The PW Research Center, a US-based think tank based on data from the World Bank, Oxford University, and Google, made the forecast.
Analysts believe that remittances will also decrease in Bangladesh due to the prevalence of coroner’s loss in the major remittance sending countries. According to them, 16 billion in Global remittances are expected to come to the country in the 2020-21 fiscal year.
Research Institute Policy Research Institute (PRI) Executive Director. Ahsan H. Mansoor said that the decline in remittances will be a burden on the people and economy of our country.

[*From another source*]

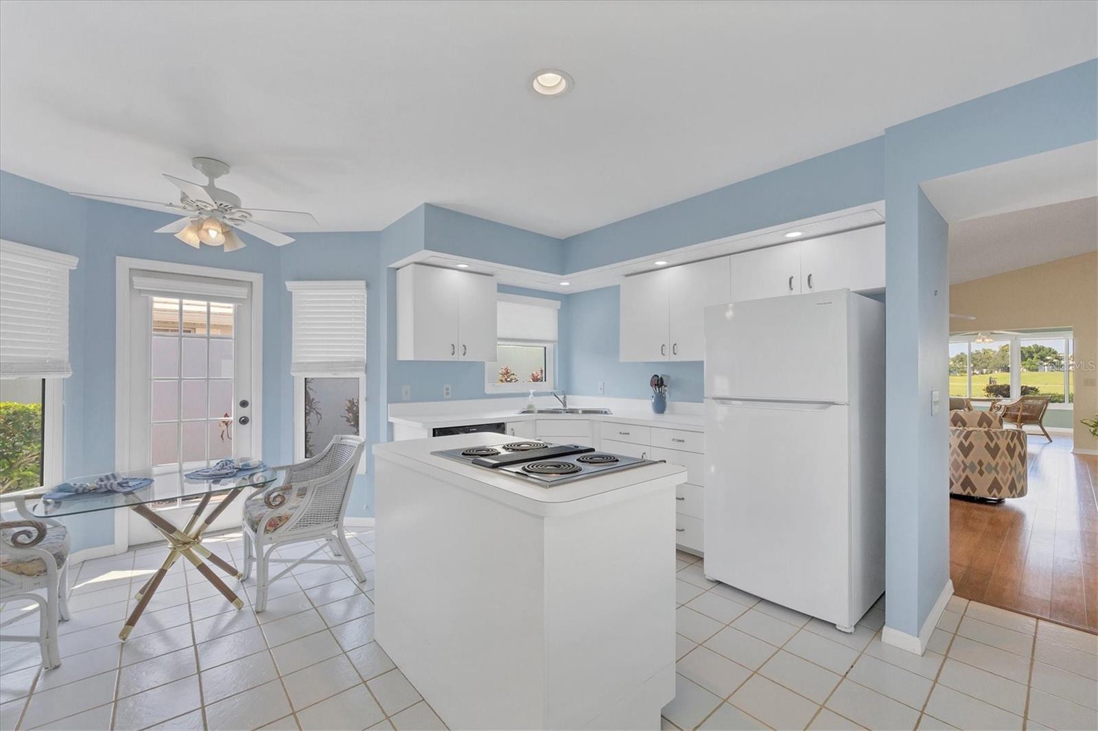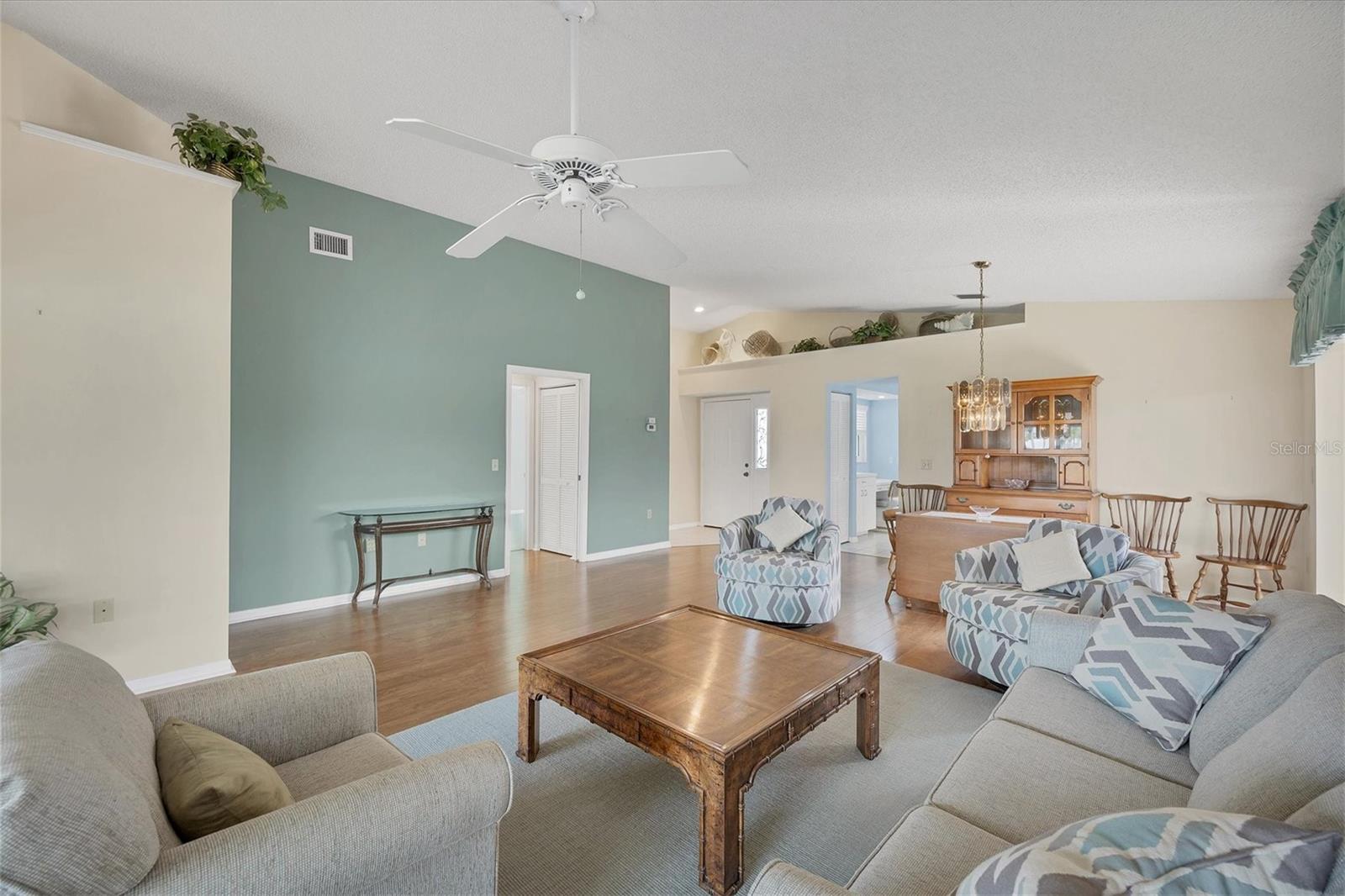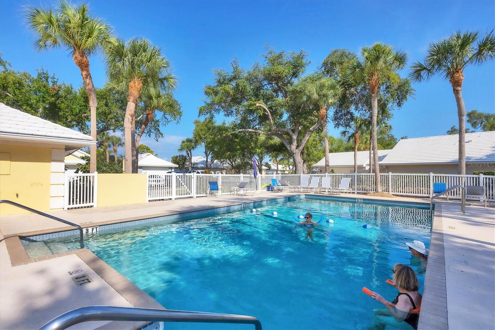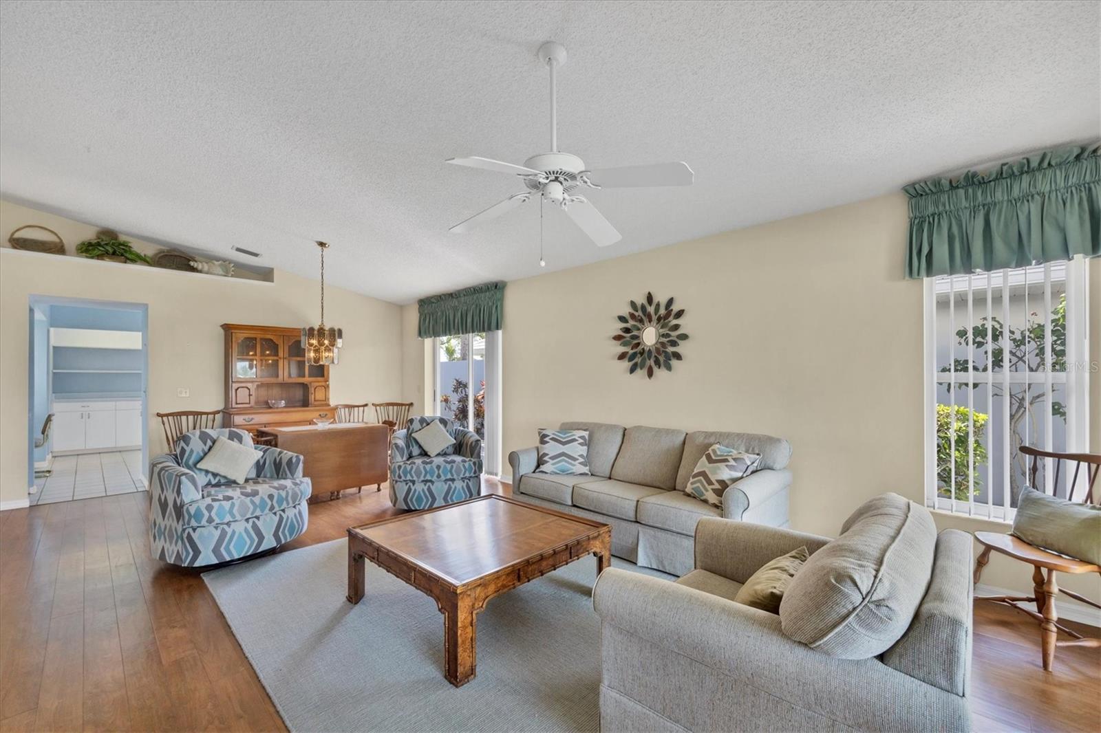 Wake up to sunrise across the verdant fairway from the 2 bedroom/2 bath patio home. Enter into a great room that opens to the Florida room and the view beyond. An eat-in kitchen will delight the chef in the family. The desirable split bedroom plan provides privacy for all. An attached two car garage house the laundry area, storage and a place to keep you vehicle out of the sun. The exterior has a fresh coat of paint. This home is ready for a new owner to make it their own. This 40 unit community has its own pool and clubhouse where you can relax and socialize. Fee includes all exterior building and grounds maintenance, insurance on the building, pest control and basic cable. NO CDD FEES. Membership in the private golf & country club is optional.
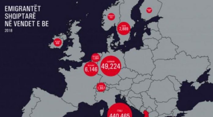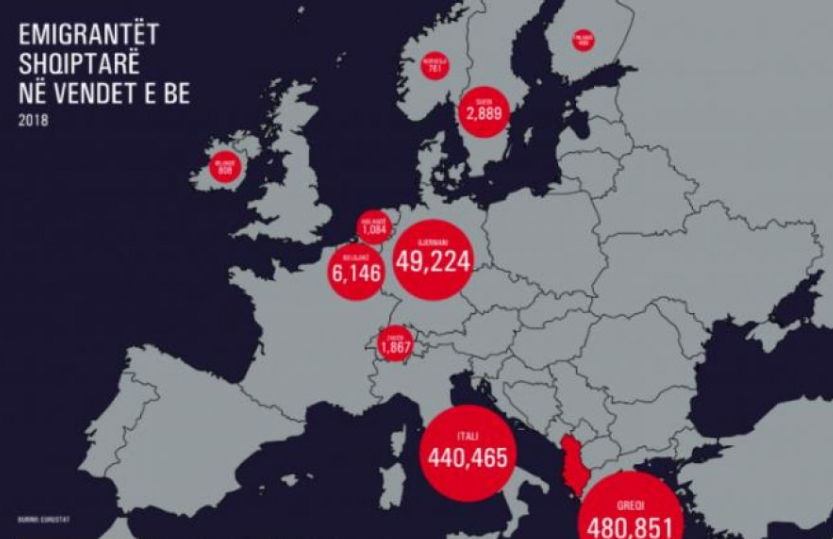 Në 2018-n numri i shqiptarëve rezidentë në një nga vendet e Bashkimit Europian ishte 990,372 sipas të dhënave të publikuara nga Eurostat. Pjesa më e madhe e tyre janë të përqendruar në shtete fqinje, rreth 90%.

According to PEW’s research report, the analysis of data from the last few years shows that in 10 countries, expatriates who sent 61 percent of remittances in 2016 had a much lower movement of workers every 10 days on average than other countries.
Among the world’s top remittance senders, jobs fell 29 percent in the United States, 32 percent in Saudi Arabia, 29 percent in the United Arab Emirates, 41 percent in the United Kingdom, 36 percent in Canada, 25 percent in Germany, 43 percent in France, 16 percent in Australia and 45 percent in Italy.

Executive Director of the Policy Research Institute. Ahsan H. Mansoor said that many good remittances have come to Bangladesh before Corona.
Regarding the recent return of migrant workers to the country, he said the government should contact all the countries that have taken workers from Bangladesh so that they do not send any more workers back.

Dr. Ahsan H. Mansoor further said that the government should employ the returning workers in their respective experienced fields. This will eliminate overall production, exports, and deficits.

Bangladesh is the 11th largest recipient of Global remittances. The top ten countries are India, China, Mexico, the Philippines, Egypt, France, Nigeria, Pakistan, Germany, and Vietnam.